Supplied records =
※

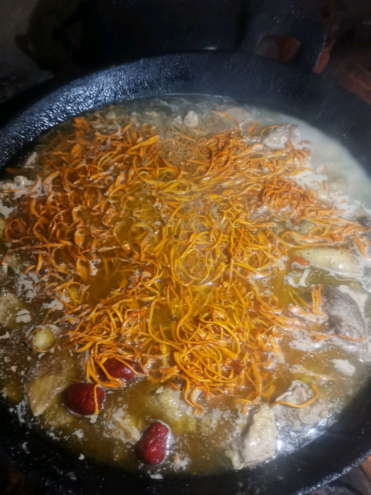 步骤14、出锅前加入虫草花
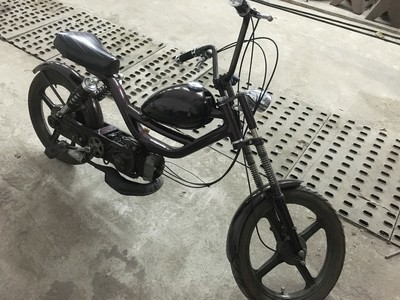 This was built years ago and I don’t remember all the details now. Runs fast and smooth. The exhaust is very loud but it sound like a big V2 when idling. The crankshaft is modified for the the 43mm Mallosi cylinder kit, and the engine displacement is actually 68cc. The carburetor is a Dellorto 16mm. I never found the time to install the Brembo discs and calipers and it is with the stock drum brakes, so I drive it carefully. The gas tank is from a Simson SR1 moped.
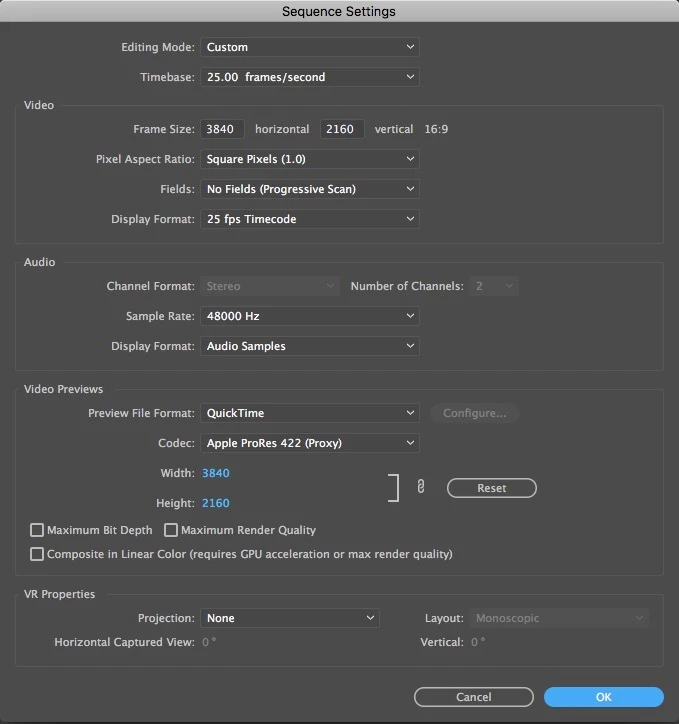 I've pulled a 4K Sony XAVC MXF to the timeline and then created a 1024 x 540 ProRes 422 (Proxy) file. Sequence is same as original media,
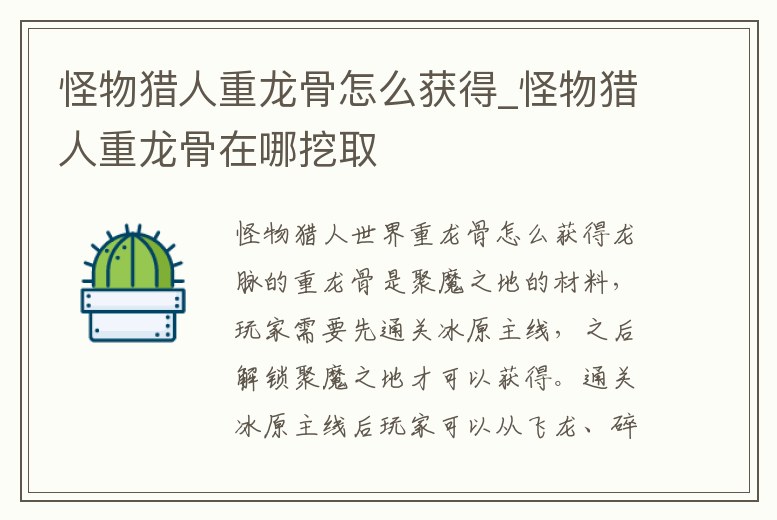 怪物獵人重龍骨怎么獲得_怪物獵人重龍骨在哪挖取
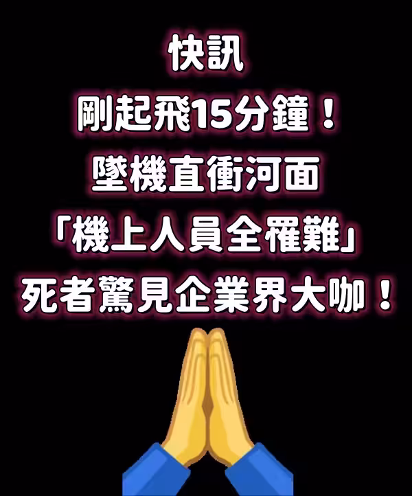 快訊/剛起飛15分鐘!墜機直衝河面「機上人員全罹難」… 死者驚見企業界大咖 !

※

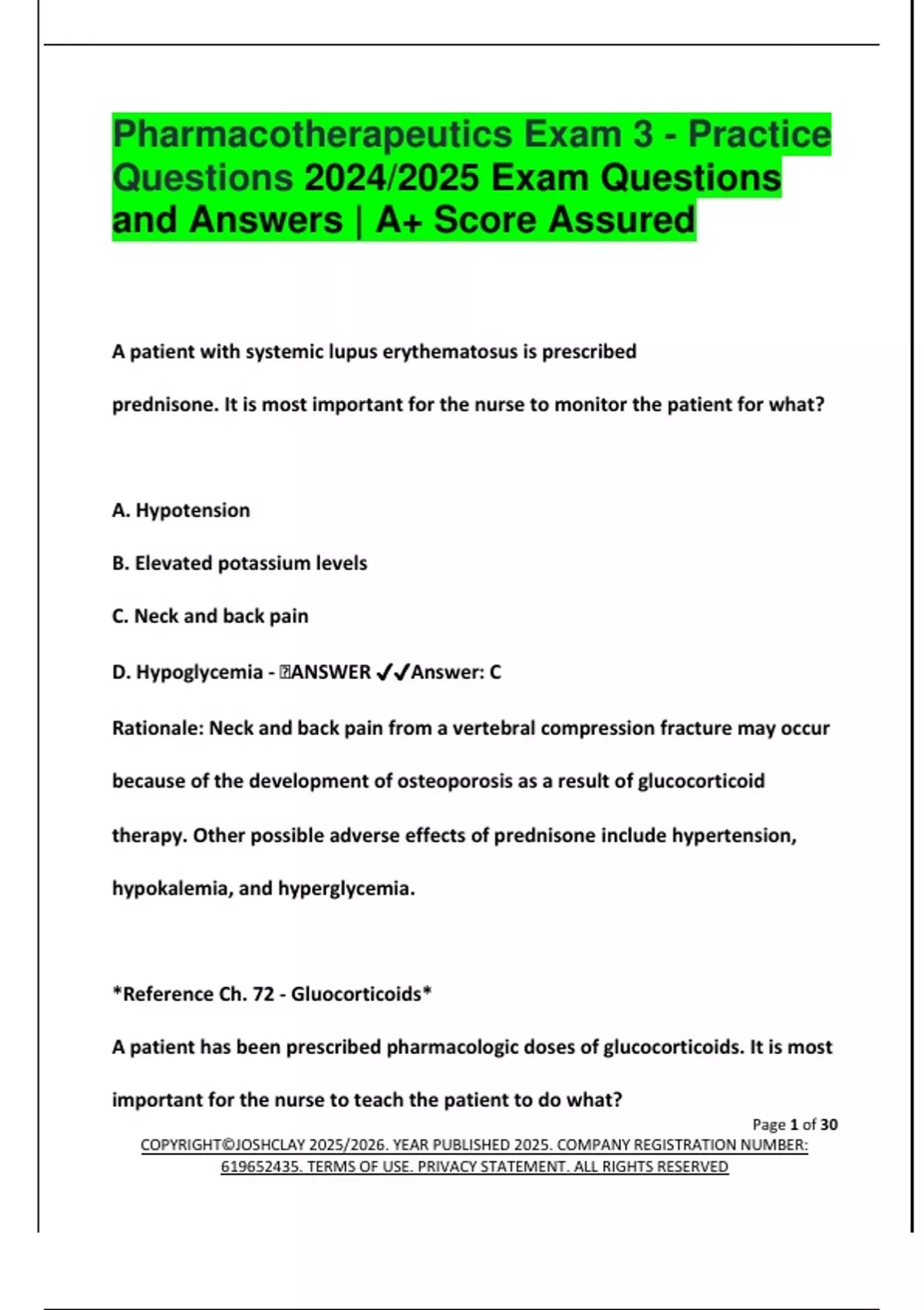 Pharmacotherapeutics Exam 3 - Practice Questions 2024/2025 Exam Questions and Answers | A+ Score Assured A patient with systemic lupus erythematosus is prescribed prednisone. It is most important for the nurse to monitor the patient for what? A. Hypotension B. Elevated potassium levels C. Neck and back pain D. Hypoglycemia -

※

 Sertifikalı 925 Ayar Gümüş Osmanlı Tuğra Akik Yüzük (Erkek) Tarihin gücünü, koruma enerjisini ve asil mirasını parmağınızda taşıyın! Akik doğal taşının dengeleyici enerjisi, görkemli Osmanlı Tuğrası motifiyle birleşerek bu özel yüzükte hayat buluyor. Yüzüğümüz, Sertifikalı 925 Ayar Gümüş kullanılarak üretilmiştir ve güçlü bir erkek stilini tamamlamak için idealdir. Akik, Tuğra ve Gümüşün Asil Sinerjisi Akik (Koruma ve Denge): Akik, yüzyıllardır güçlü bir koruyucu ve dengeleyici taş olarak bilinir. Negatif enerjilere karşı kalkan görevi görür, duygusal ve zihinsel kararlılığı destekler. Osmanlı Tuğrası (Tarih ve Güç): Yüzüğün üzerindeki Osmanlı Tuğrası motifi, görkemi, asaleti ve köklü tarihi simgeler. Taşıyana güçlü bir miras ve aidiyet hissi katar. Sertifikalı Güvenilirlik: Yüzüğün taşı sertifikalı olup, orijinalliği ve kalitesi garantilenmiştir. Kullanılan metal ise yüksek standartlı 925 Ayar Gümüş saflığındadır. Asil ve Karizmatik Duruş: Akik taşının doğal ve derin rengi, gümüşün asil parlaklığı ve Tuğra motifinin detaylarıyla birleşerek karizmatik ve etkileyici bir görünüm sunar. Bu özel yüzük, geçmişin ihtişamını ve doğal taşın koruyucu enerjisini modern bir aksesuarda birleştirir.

※

Task =
Would you give again, exactly, the lines in the data above that run from the line containing "步骤14、出锅前加入虫草花" to the line containing "快訊/剛起飛15分鐘!墜機直衝河面「機上人員全罹難」… 死者驚見企業界大咖 !"? Include both ends and no pictures.

Response area =
 步骤14、出锅前加入虫草花
 This was built years ago and I don’t remember all the details now. Runs fast and smooth. The exhaust is very loud but it sound like a big V2 when idling. The crankshaft is modified for the the 43mm Mallosi cylinder kit, and the engine displacement is actually 68cc. The carburetor is a Dellorto 16mm. I never found the time to install the Brembo discs and calipers and it is with the stock drum brakes, so I drive it carefully. The gas tank is from a Simson SR1 moped.
 I've pulled a 4K Sony XAVC MXF to the timeline and then created a 1024 x 540 ProRes 422 (Proxy) file. Sequence is same as original media,
 怪物獵人重龍骨怎么獲得_怪物獵人重龍骨在哪挖取
 快訊/剛起飛15分鐘!墜機直衝河面「機上人員全罹難」… 死者驚見企業界大咖 !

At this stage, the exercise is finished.